Here’s My Digits

Professional illusionists never fail to fascinate with their ability to manipulate the world using simple hand gestures.

Examples of "Digit" system
Examples of the “Digit” system from Microsoft Research’s U.K.-based Cambridge Lab

Now, new gadgets presented at the ACM Symposium on User Interface and Technology suggest that we will all soon be able to do the same in our own homes. The Digits system developed by Microsoft Research is able to capture details of hand gestures (down to the jointed segments of individual fingers) that are missed by full-body motion capture like the Microsoft Kinect system.  Digits consists of a motion detector/camera worn on the wrist to capture gestures without the need for special gloves or outside software. The hand movements are translated on a screen that allows the user to control a computer, and even play a game, all without ever touching a screen or keyboard.

Lead researcher David Kim of Microsoft Research, says that the Digits device will allow anyone to communicate with their surroundings using simple hand gestures.  Hand waving is much more intuitive than point-and-click and research into natural movement could allow the technology to adapt to evolved human responses.

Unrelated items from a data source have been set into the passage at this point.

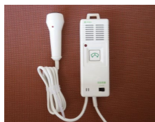
緊急通報装置 (ナースコール)
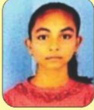
પટેલ આર્ચી 99.98 (દ્વિતીય) (529/600)
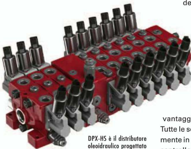
DPX-HS è il distributore oleoidraulico progettato da Walvoil per mini e midi escavatori.

Con questa novità, Walvoil presenta a Intermat 2018 una gamma ulteriormente integrata, le cui altre novità sono la pompa in ghisa 2SPW a brand Galtech adatta per quelle applicazioni per le quali le pompe in alluminio sono al limite delle loro performance; la serie dei distributori EX a brand Hydrocontrol, in grado di offrire al settore costruzioni e minerario elevate prestazioni in tema di stabilità ed efficienza energetica; il sistema di raffreddamento elettroidraulico fan drive di Galtech; i joystick analogici e CAN bus AJW e CJW, compatti ed ergonomici, adatti per tutte le macchine operatrici off-highway e per tutti i tipi di impugnature Walvoil.
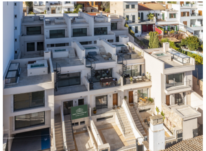
Ansicht des Reihenhauses
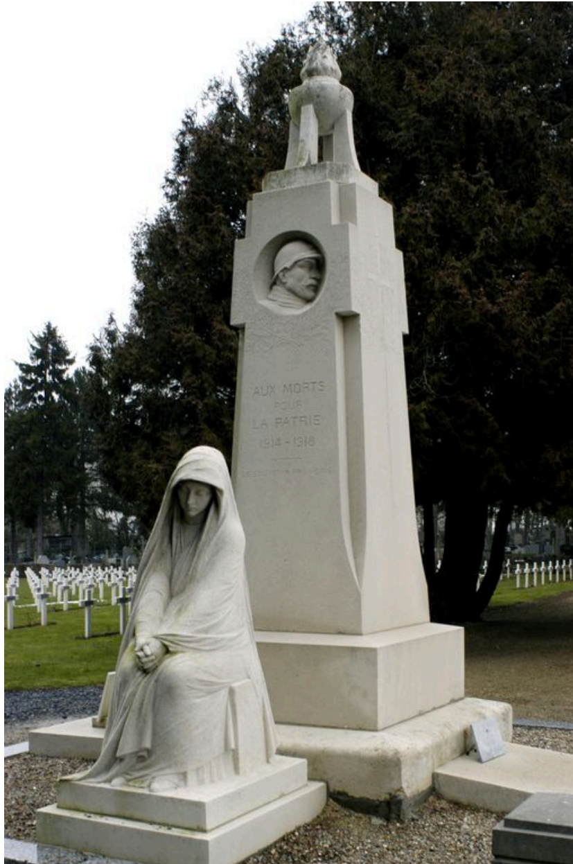
Détail de trois-quarts.
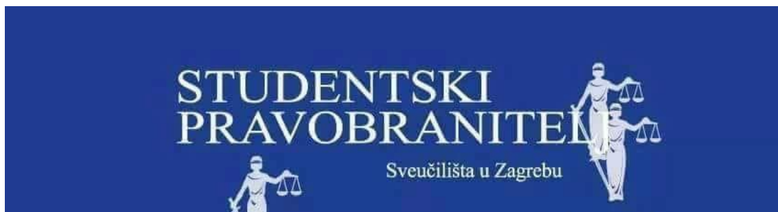
Slika 5. Logotip studentskog pravobranitelja Sveučilišta u Zagrebu
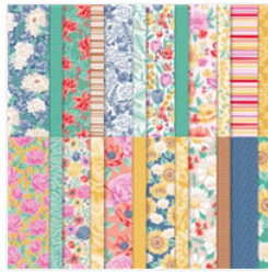
Designerpapier Blumen Für Jede Jahreszeit - 152486 Price: € 14,00
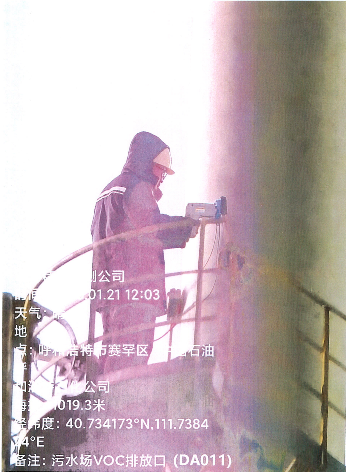
图1 VOC排放口采样点位置照片
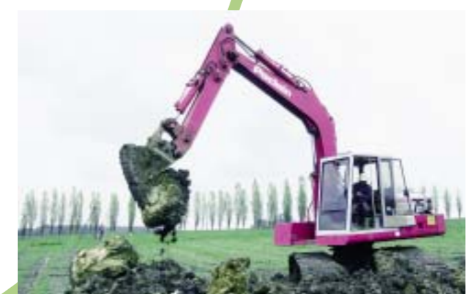
Travaux de drainage
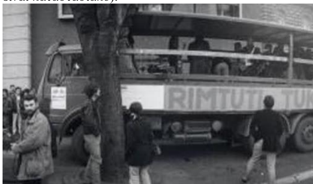
Το φορτηγό των Rimtutituki

Στη Γιουγκοσλαβία πάντως η φιλοπόλεμη στράτευση κάποιων ροκάδων πιθανόν είχε αποτελέσματα. Άλλο να λέει σε ένα νέο να πάει να πολεμήσει ένας σέρβος παπάς και άλλο ένας αναγνωρισμένος ροκάς όπως ο Θορδενίτς που έχει ταυτιστεί στη συνείδηση της νεολαίας με το περιθώριο και την αλητεία. Όμως δεν πρέπει να ξεχνάμε ότι η πλειοψηφία των μουσικών της ροκ αντιστάθηκε και είχε συνέπειες γι' αυτή την επιλογή. Όταν ο Κουστορίτσα έπαιρνε λεφτά για να γυρίσει ταινία οι αρχές δεν έδωσαν άδεια στο αντιπολεμικό συγκρότημα Rimtutituki να κάνει live και έτσι χρησιμοποίησαν ένα φορτηγό σαν σκηνή και περιφερόταν παίζοντας ζωντανά στους δρόμους του Βελιγραδίου (αυτό και αν είναι καταστασιακό).
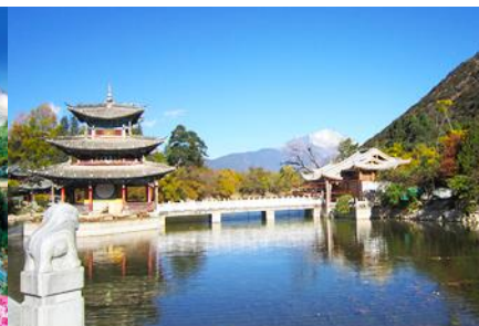
สะพานบึงรดำ

Imagine walking into your home after a long day with your fists gripped with tension. Immediately, pleasant music comes on and the lights dim to create a relaxing ambiance — all because your body language was “read” by a system that could see your fists and understand that it was likely that you were stressed.  Your dog could feed itself using a simple paw movement it learned or you might receive a push notification on your mobile device when your kids are fidgeting far too much to be sitting and doing their homework.  Your environment becomes your own, intuitively making changes to improve your experience of it.